# The Potential Role of Firboblast Activation Protein as a Natural Killer Cell Immune Checkpoint in Pancreatic Cancer

> **NIH NIH F30** · GEORGETOWN UNIVERSITY · 2021 · $51,036

## Abstract

PROJECT SUMMARY
Immunotherapy has been largely ineffective in pancreatic cancer, partially due to the surrounding dense stromal
fibrosis which creates an immunosuppressive microenvironment. The main cellular component of this fibrosis,
pancreatic stellate cells (PSCs), are marked by elevated expression of fibroblast activation protein (FAP). FAP
is a type II transmembrane serine protease that is minimally expressed in normal pancreas, however, in
pancreatic cancer FAP is overexpressed in 90% of lesions and is associated with worse clinical outcomes. Here
we use a novel in vitro co-culturing system that utilizes primary donor-derived PSCs and a human natural killer
(NK) cell line, NK92, to assess the relationship between PSCs and NK cells. We tested the ability of NK cells to
kill PSCs and monitored for FAP expression and markers of activation. We also assessed the effect of FAP
inhibition on NK cell activity in vitro and pancreatic tumor clearance in vivo. We found that NK cells are activated
by and kill PSCs, potentially via NK cell surface receptor NKG2D recognition of MICA/B on PSCs. Upon direct
contact with PSCs, PSCs downregulate FAP, however, NK cells upregulate FAP. This is the first-time NK cells
have been shown to produce FAP and that induction of FAP is mediated by cell-to-cell contact. Furthermore,
FAP expression by NK cells is associated with an inactivate phenotype. FAP inhibition enhanced NK killing of
PSCs in vitro and enhanced pancreatic tumor clearance in vivo. The anti-tumor activity of FAP inhibition was
enhanced by addition of anti-PD-1 therapy. Based on these findings, I hypothesize that FAP functions as an NK
cell immune checkpoint. FAP is expressed in NK cells after activation to attenuate cytotoxicity and can be
inhibited to enhance anti-tumor immunity.
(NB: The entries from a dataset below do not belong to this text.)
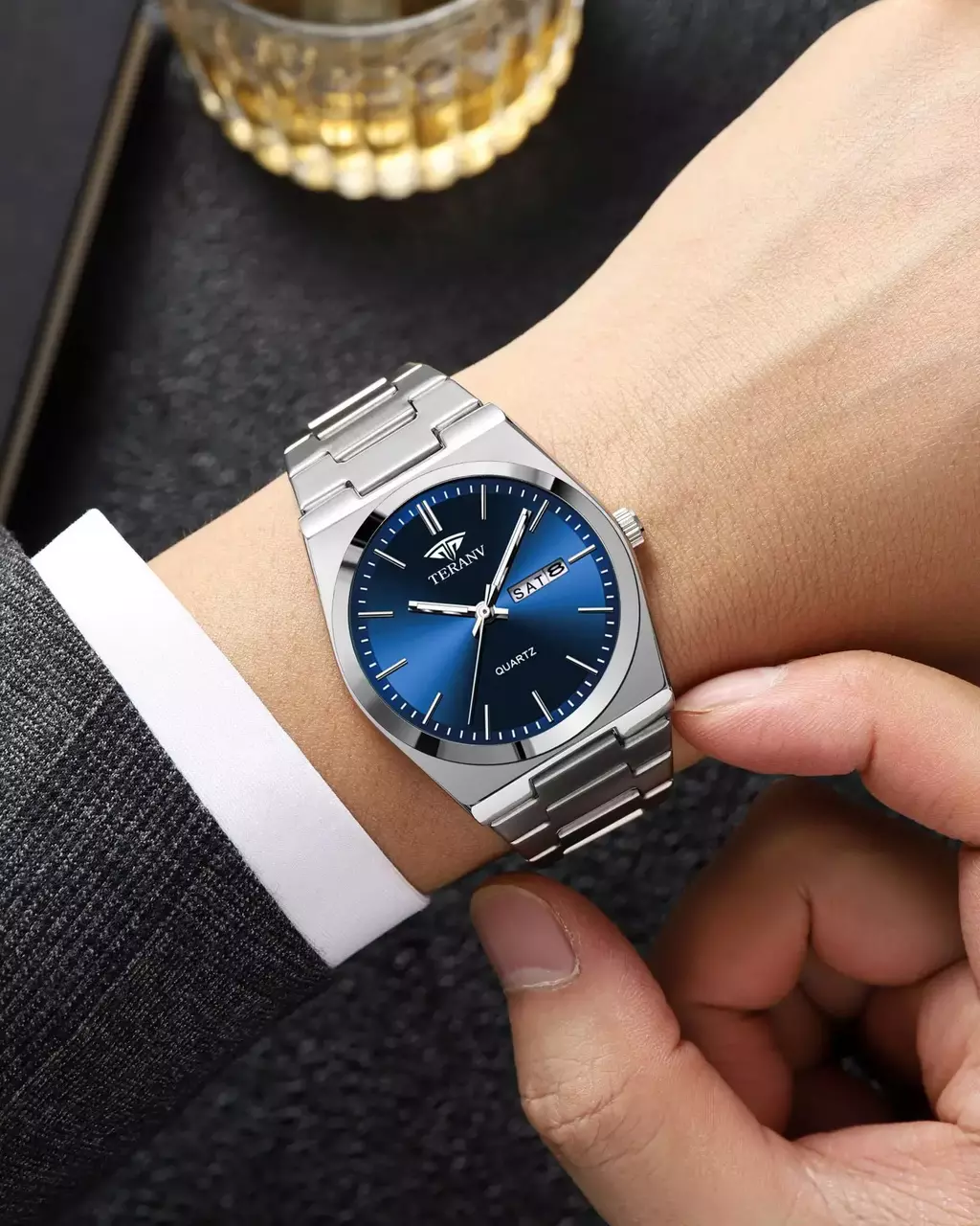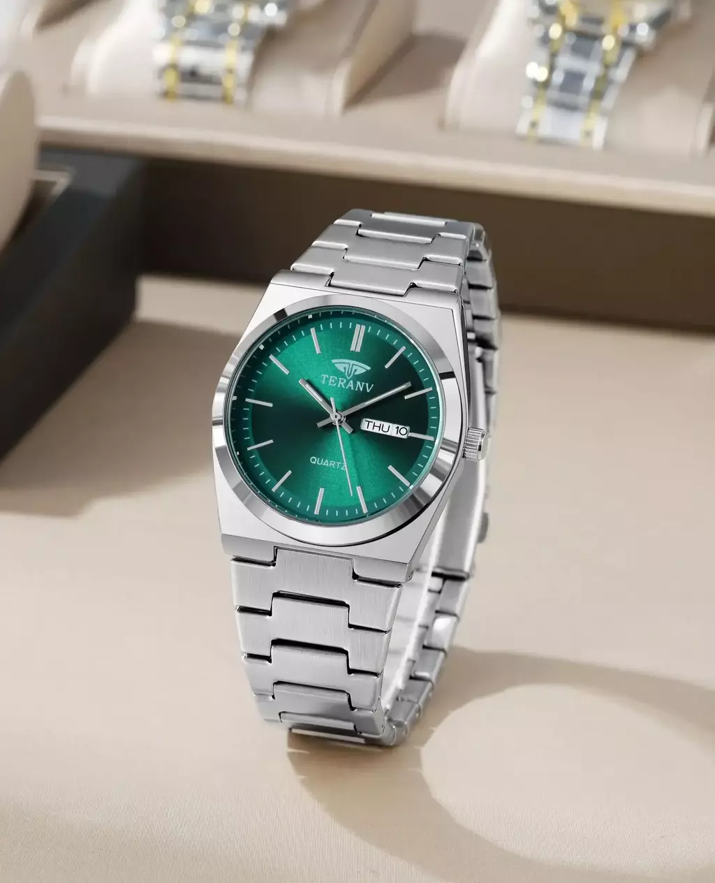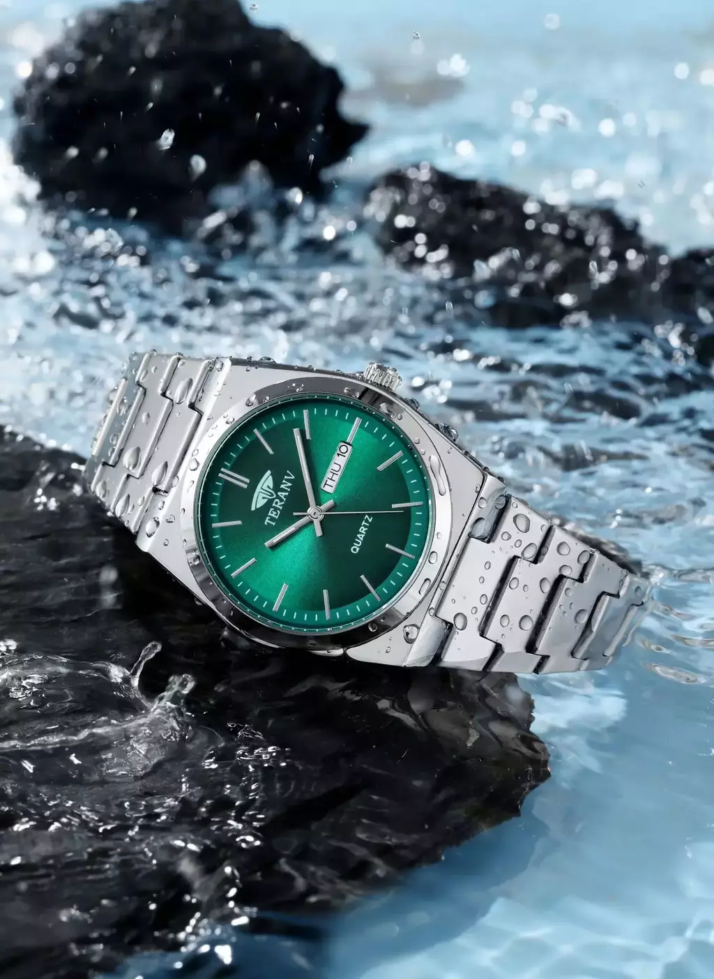 Conforto e Durabilidade: A pulseira de aço inoxidável oferece um ajuste confortável e seguro, enquanto a resistência e a durabilidade garantem que o relógio se mantenha impecável mesmo nas condições mais desafiadoras.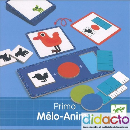 Jeu de reconnaissance des critères forme, couleur et taille. L'enfant pioche une carte qui représente un animal. Puis il analyse les différents critères de l'image et insère dans le plateau les éléments correspondants: la silhouette, la couleur et la taille (petit, moyen ou grand). La solution se trouve au dos de la carte Animal. On peut également donner 3 critères à l'enfant qui devra retrouver l'animal correspondant. Un jeu simple et bien fait pour apprendre aux enfants à repérer les différents éléments d'une image.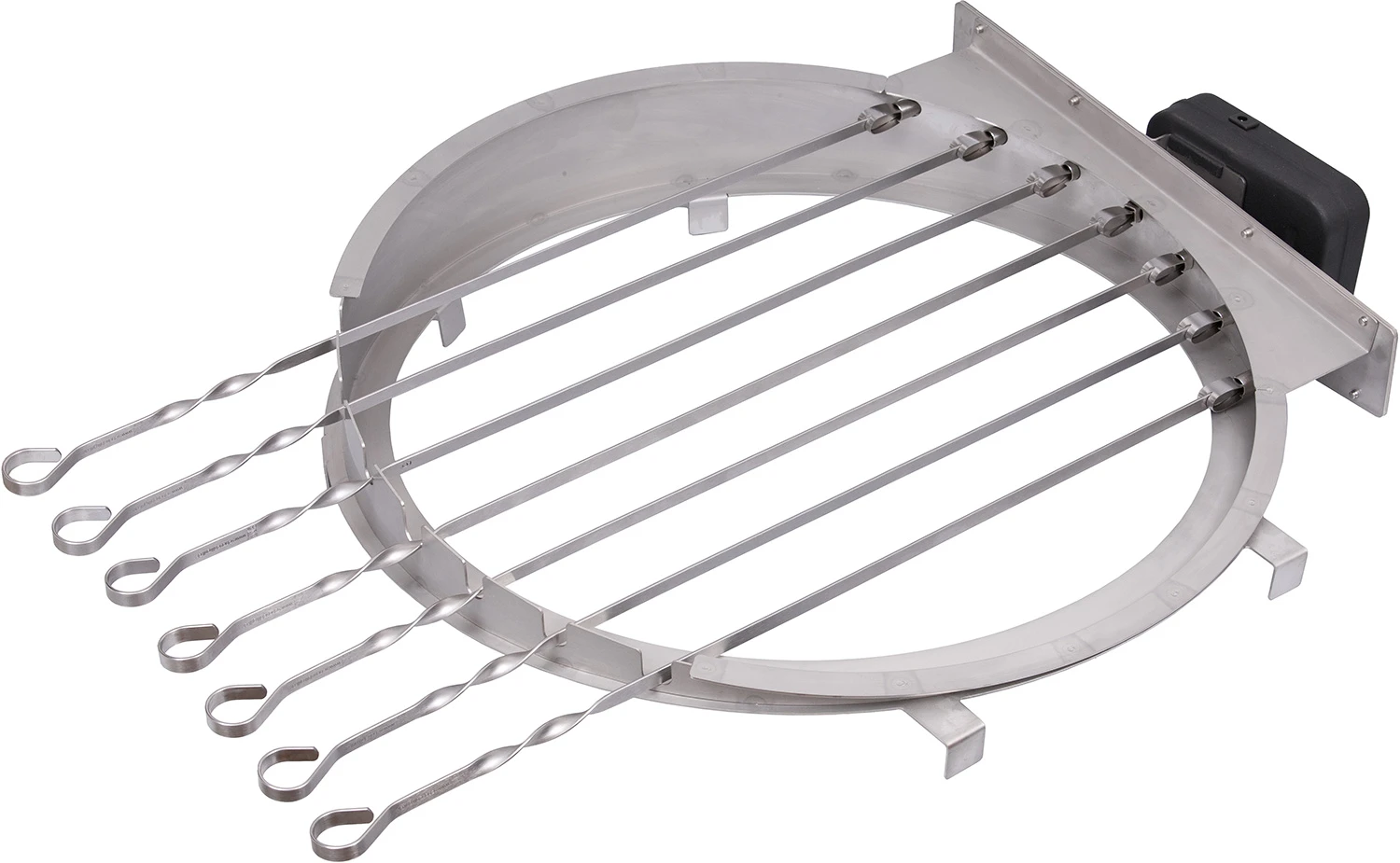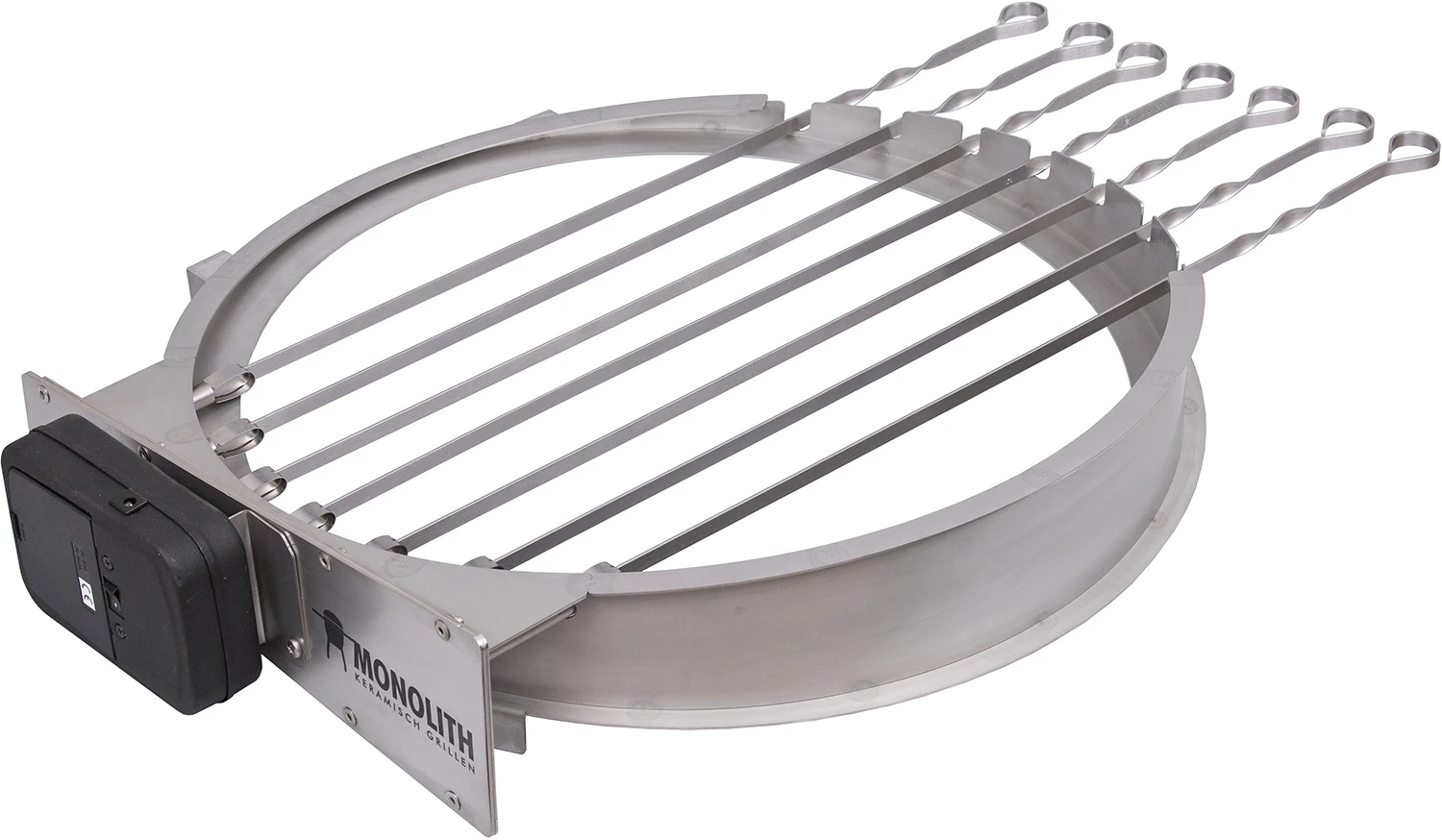 Mit dem Spieß-Set aus Edelstahl für die MONOLITH Rotisserie wird der Keramikgrill zum Mangal- bzw. Churrasco-Grill.

To test this hypothesis, I aim to determine mechanisms of FAP
induction in NK cells (Aim 1), assess the clinical relevance of these findings (Aim 1A and 1D) and manipulate
FAP activity to enhance in vitro and in vivo anti-tumor immune responses (Aim 2). Successful completion of
these aims will identify factors that regulate FAP expression and further our understanding of how FAP regulates
the immune response. These findings will fill the gap in knowledge surrounding regulators of FAP expression
and provide new approaches to enhance anti-tumor immune activity.

## Key facts

- **NIH application ID:** 10125124
- **Project number:** 5F30CA239441-03
- **Recipient organization:** GEORGETOWN UNIVERSITY
- **Principal Investigator:** Allison O'Connell
- **Activity code:** F30 (R01, R21, SBIR, etc.)
- **Funding institute:** NIH
- **Fiscal year:** 2021
- **Award amount:** $51,036
- **Award type:** 5
- **Project period:** 2019-04-01 → 2024-03-31

## Primary source

NIH RePORTER: https://reporter.nih.gov/project-details/10125124

## Citation

> US National Institutes of Health, RePORTER application 10125124, The Potential Role of Firboblast Activation Protein as a Natural Killer Cell Immune Checkpoint in Pancreatic Cancer (5F30CA239441-03). Retrieved via AI Analytics 2026-05-23 from https://api.ai-analytics.org/grant/nih/10125124. Licensed CC0.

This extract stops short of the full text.